RECORDS SUPPLIED ->
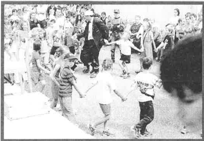
S Vilkom z Drišlaku si prišli na svoje aj najmenší návštevníci jarmoku.
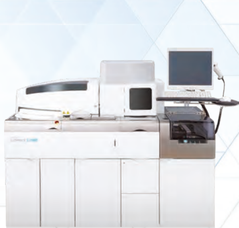
免疫発光測定装置 LUMIPULSE® L2400
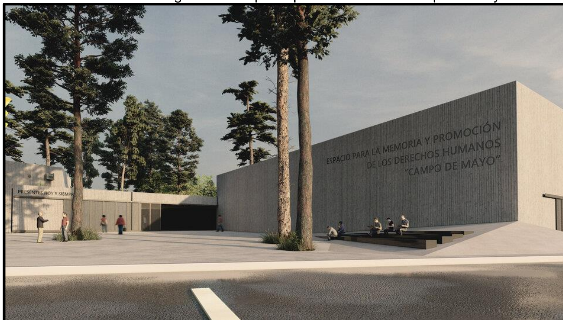
Foto 2: render Placa de Ingreso del Espacio para la Memoria Campo de Mayo.
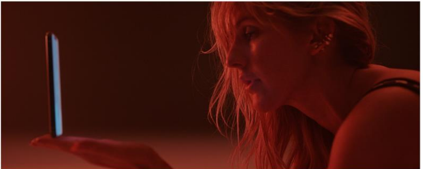
ELLIE GOULDING, JUICE WRLD "HATE ME"
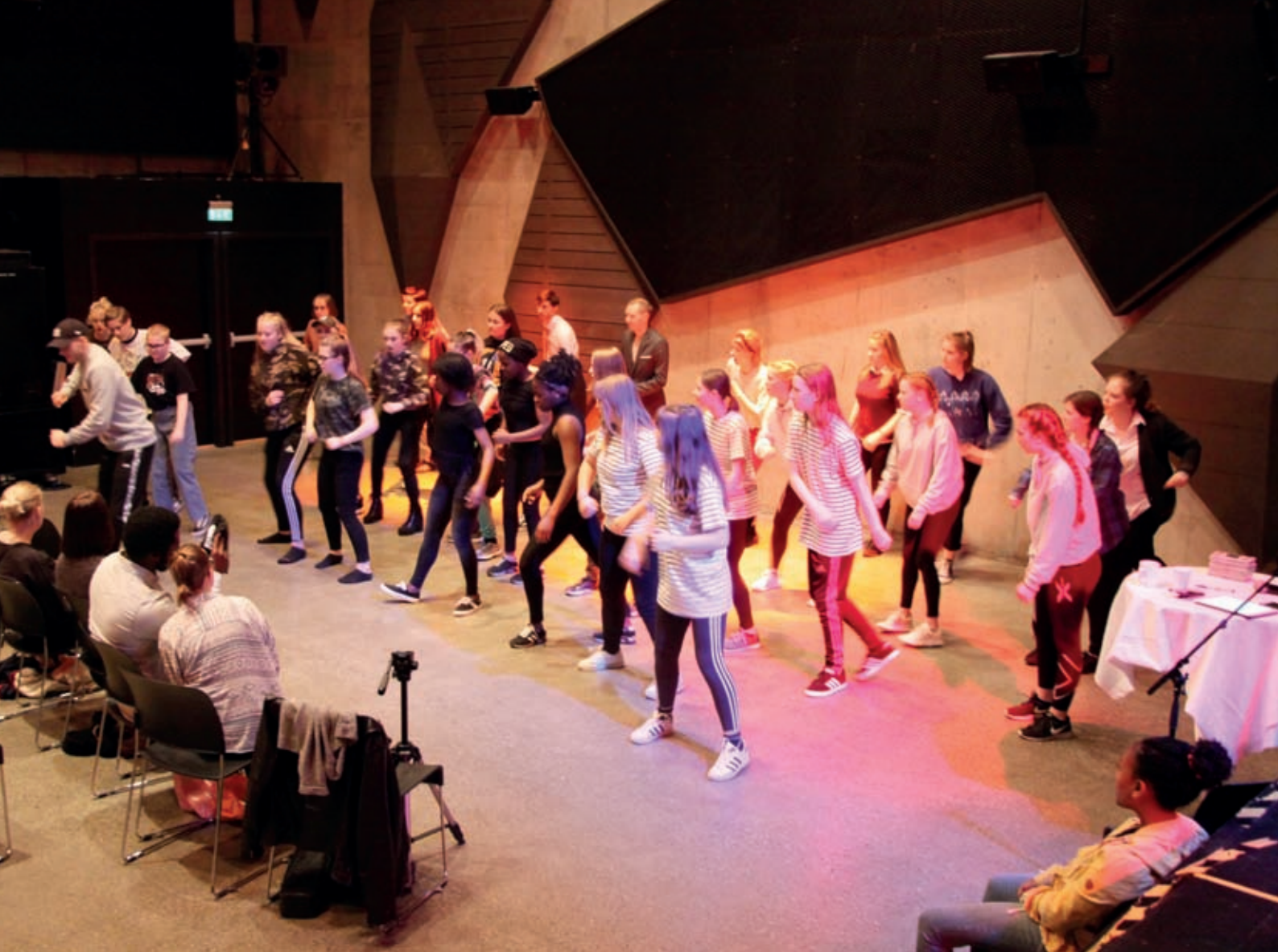
Utstilling 3. Dansekonskurranse Dansens dag 30. april 2018.

arkiv og museer har avdekket et behov for ny kompetanse på formidlingsmetoder for ivaretagelse og dokumentasjonsteknikker hvor UNESCO-konvensjonen er forutsetningen.

PROBLEM DESCRIPTION ->
Every line above is to be duplicated exactly; no picture should be carried over.

REPLY TO THE TASK ->
S Vilkom z Drišlaku si prišli na svoje aj najmenší návštevníci jarmoku.
免疫発光測定装置 LUMIPULSE® L2400
Foto 2: render Placa de Ingreso del Espacio para la Memoria Campo de Mayo.
ELLIE GOULDING, JUICE WRLD "HATE ME"
Utstilling 3. Dansekonskurranse Dansens dag 30. april 2018.

arkiv og museer har avdekket et behov for ny kompetanse på formidlingsmetoder for ivaretagelse og dokumentasjonsteknikker hvor UNESCO-konvensjonen er forutsetningen.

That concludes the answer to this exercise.